When Main Street enthusiasm meets Wall Street validation, it creates a powerful setup for stock-price growth. Let’s break down the specific stocks at the center of this rare alignment.
Rocket Lab: The Apple of Space Gets an Upgrade
Rocket Lab USA (NASDAQ: RKLB) exemplifies this new market unity. For years it has been a retail favorite thanks to a transparent CEO and frequent launches. Now the institutions are catching up.
Rocket Lab received two significant analyst upgrades in one week. First, on Jan. 16, 2026, Morgan Stanley upgraded the company to Overweight and raised its price target to $105.
That was followed on Jan. 20 by an upgrade from Bank of America, which doubled its price target from $60 to $120.
Together these firms have pushed the consensus price target to $112.50, implying healthy upside from the stock’s recent trading level near $86.
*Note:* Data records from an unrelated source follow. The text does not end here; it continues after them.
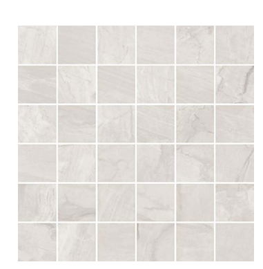
AIN40/M122 Breccia Mist 36pc Mosaic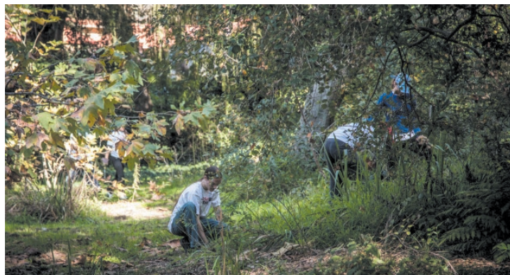
Stone Canyon Creek restoration, in partnership with UCLA Lab School, attracts monthly volunteers.

Rindge Dam Removal Study – An assessment to inform the feasibility of restoring and enhancing the Malibu Creek ecosystem through the removal of Rindge Dam in partnership with California Dept. of Parks and Recreation, US Army Corps of Engineers, and other agencies. Ongoing. (SMBRC, TBF)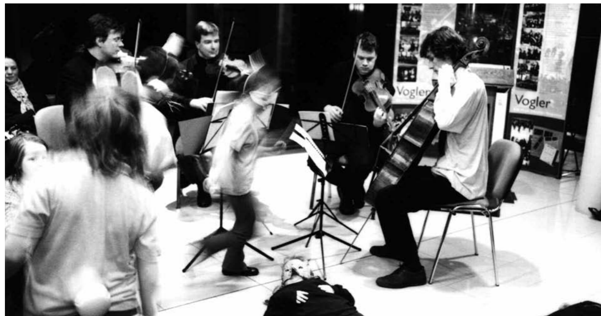
Children Performing at the launch of the Vogler Spring Festival, Sligo County Hall, 2001.

For future reference, teachers with varied levels of confidence and musical expertise all suggested further emphasis and support in the area of composition.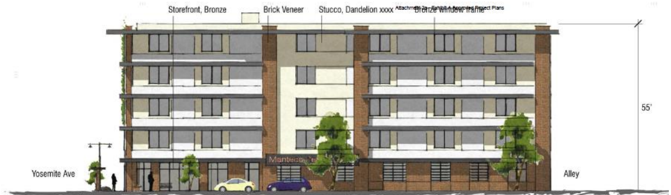
EAST ELEVATION - NTS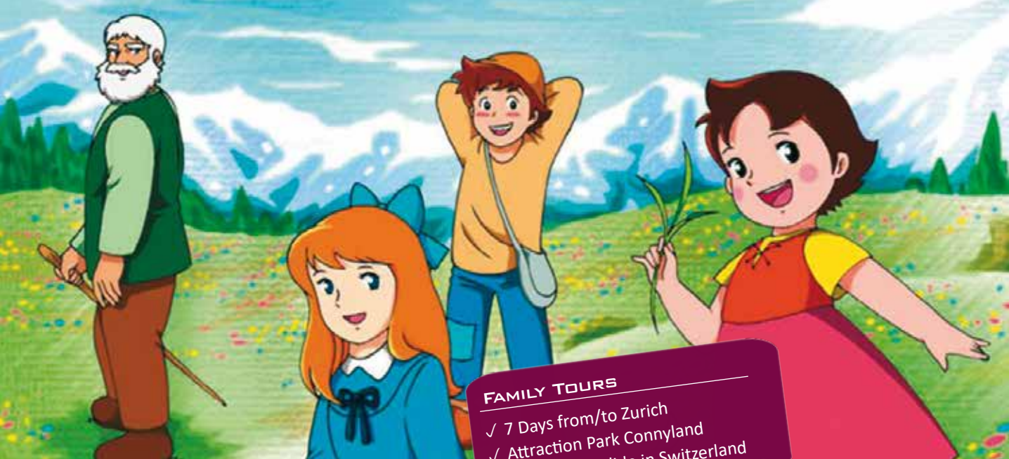
Kassel / Alemania

FAMILY TOURS ✓ 7 Days from/to Zurich ✓ Attraction Park Connyland ✓ The longest slide in Switzerland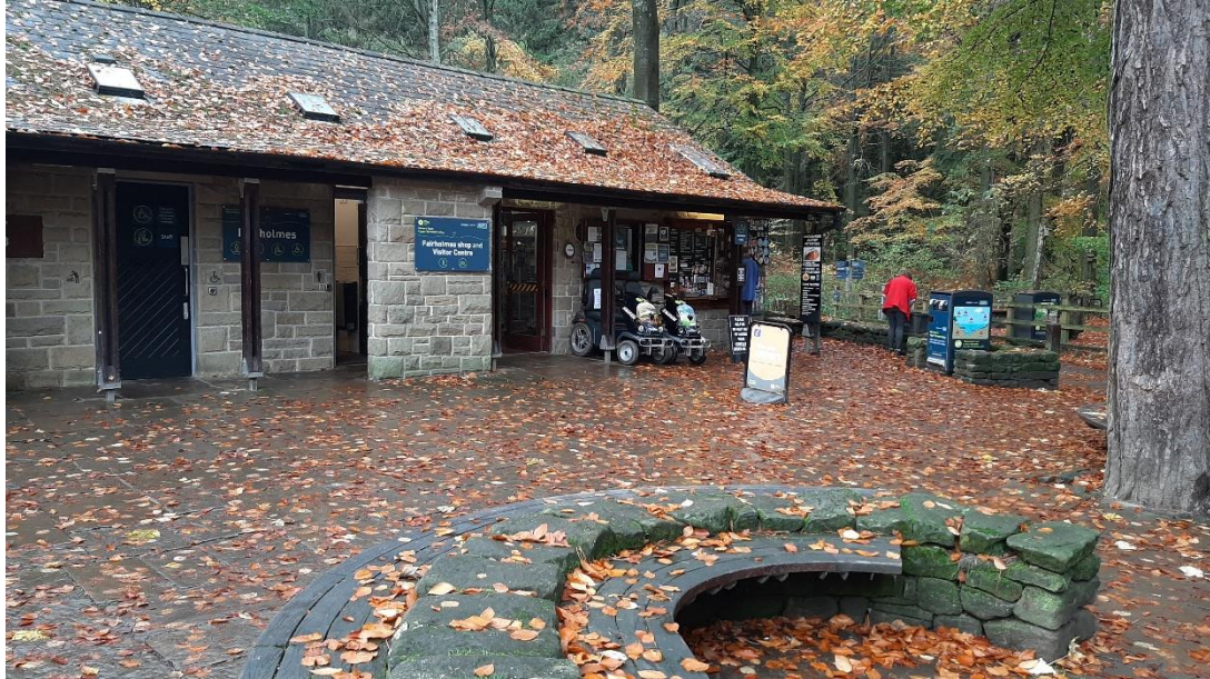
Visitor Centre, toilets and food concession.

The immediate area in front of the centre has a number of benches and an information shelter that have to be negotiated to get to the visitor centre, food outlet and toilets.

Analysts pointed to Rocket Lab’s evolution from a small-rocket launcher into a large-scale infrastructure provider as the primary catalyst.
Navigating the Turbulence
The stock recently faced a test. On Jan. 21, 2026, Rocket Lab experienced a structural failure during a pressure test of its new Neutron rocket tank. In the past, similar news could have triggered a panic sell-off.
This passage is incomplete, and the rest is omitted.